Pixies ahoy! At last, the most sophisticated roleplaying fantasy adventure for home computers has made it onto the Spectrum. The Bard's Tale has been a tremendous success on other formats, stimulating fairy folk everywhere into frenzies of late-night sword-and-sorcery sessions.
The Bard's Tale (Vol 1 - there are more adventures to come) takes place in a Tolkienesque world of humans, elves, ores, dwarves and hobbits. The first adventure's set in Skara Brae, a rough-and-tumble township where staying alive is your first challenge. Your ultimate aim is to explore the town, gaining experience points and treasure, and earning promotions from the Adventurer's Guild until you reach the highest possible rank. Because the game is so large, and the combinations of characters and events so flexible, it never really ends.
On loading you are presented with a default party of adventurers, including warriors, magic users, thieves and half-humans. You can delete any or all of these, and replace them with your own characters.
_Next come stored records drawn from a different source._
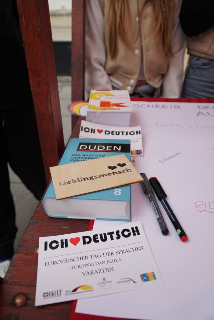U subotu, 27.rujna na Franjevačkom trgu u Varaždinu obilježen je Europski dan jezika koji provodi udruga EKULT u suradnji sa školama kako bi se promovirao njemački jezik. Sudjelovale su i učenice naše škole, Dina Patrčević, Sofija Šambar, Jessica Regja i Mia Herceg u pratnji učiteljice Sare Mlakar.
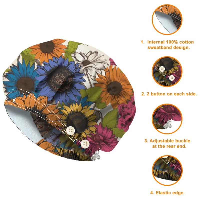 Sunflower Leaves Cotton Adjustable Printed Bouffant Hats Working Caps for Women Men, with Button Size: about 600mm wide, 600mm long.
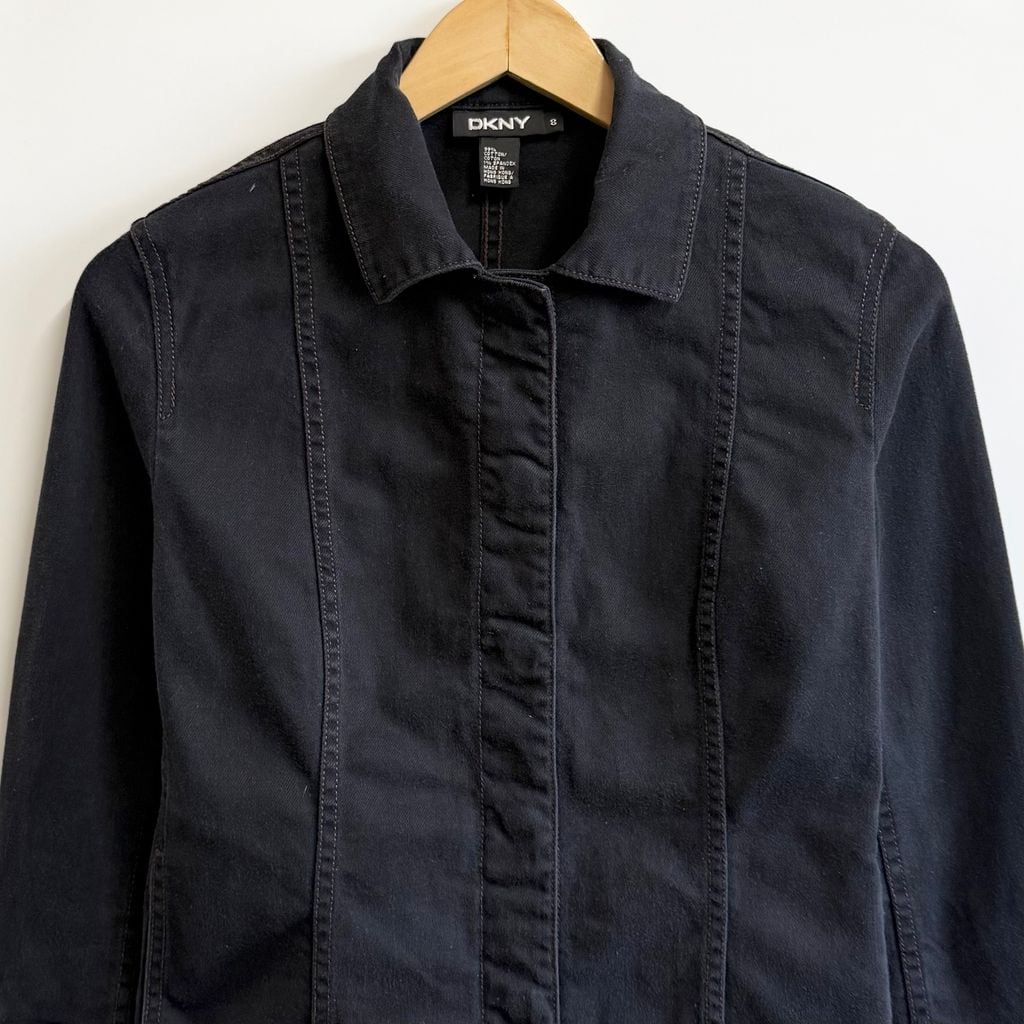 (レディース) DKNY ブラックデニム デニムジャケット Gジャン スナップボタン 黒 ブラック サイズ8 No.L217
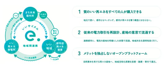 「e.CYCLE(いいサイクル)」は、再エネに関わる自治体、発電所、小売電気事業者、そして電力消費者をつなぐ再エネアグリケーションプラットフォームで、再エネの“地産地消”や、再エネを産地から他地域に売電する“地域間流通”を可能にします。特長は、電力取引で得た収益の一部を「地域活性化原資」として再エネの産地に還元することです。
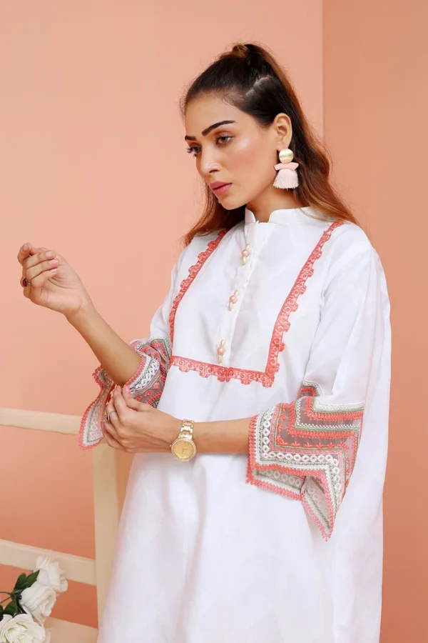 Stylish 2PC stitched cambric suit by KHAS, designed for comfort and elegance, perfect for everyday wear with its soft fabric and refined stitching.

I created a nasty piece of work called Mr Hatred, a thief, coward and cattle molestor. You can assign points for various characteristics such as strength, intelligence, dexterity and luck, and equip the character with items of weaponry, armour, gold and useful objects such as lamps.
Movement around the city, which is planned on a 22 by 22 grid, is controlled using keys I, J and L. Once you reach an interesting looking building, you unceremoniously kick in the door using the K key. It's a good idea to make a map, because all the buildings look the same. There are also sewer and dungeon levels which are accessed through hidden doorways.
In your search for treasure, experience and, ultimately, the chance to destroy the tyrant Mangar, you will meet many hostile creatures. You can opt to fight or run away, and if you choose to fight, you can define your attacking style. After choosing which characters will lead your party, you are offered options to attack, defend, cast spells, hide and so on. The battle then takes place until you defeat your enemies, or decide that cowardice is the better part of valour. As you fight, "hit points" are deducted from your strength and armour points, shown at the bottom of the screen.
Another complex aspect of the game is the use of magic. As you progress, magic using characters can accumulate more and more powerful spells. In combat, or as you explore the city, you can activate these spells by typing in a four-letter abbreviation, such as ARFI for "arc fire", a fan of blue flame which inflicts a small amount of damage on a large number of opponents (of which you can find yourself fighting up to 99 at a time).
If you are using a Bard character, he can sing songs which stimulate the warriors to a fighting frenzy, ward off evil spells, tranquilise your opponents and so on. Annoyingly, he does this in total silence.
Characters, whole parties, and situations can be saved and reloaded using tape or disk, so you don't have to save the entire universe in one sitting. An extra scenario tape is included in the package.
OK, so this sort of thing appeals to a certain sort of person, who always argues that you should use your imagination and get really involved, and it doesn't matter if the graphics aren't up to much. So I won't knock it too much, because I'm sure thousands of people will love it. But lots of the most exciting features, such as full-colour animated monsters, sophisticated sound and pretty background graphics, haven't survived the transition to the Spectrum, and the finished result looks a bit crummy. The Bard's Tale will enthrall diehard pixie fans who will probably queue up to spend £5 on the clue book. But there's too much text, and not enough graphics and animation, to convert the uncommitted.
Complex but graphically disappointing role-playing adventure.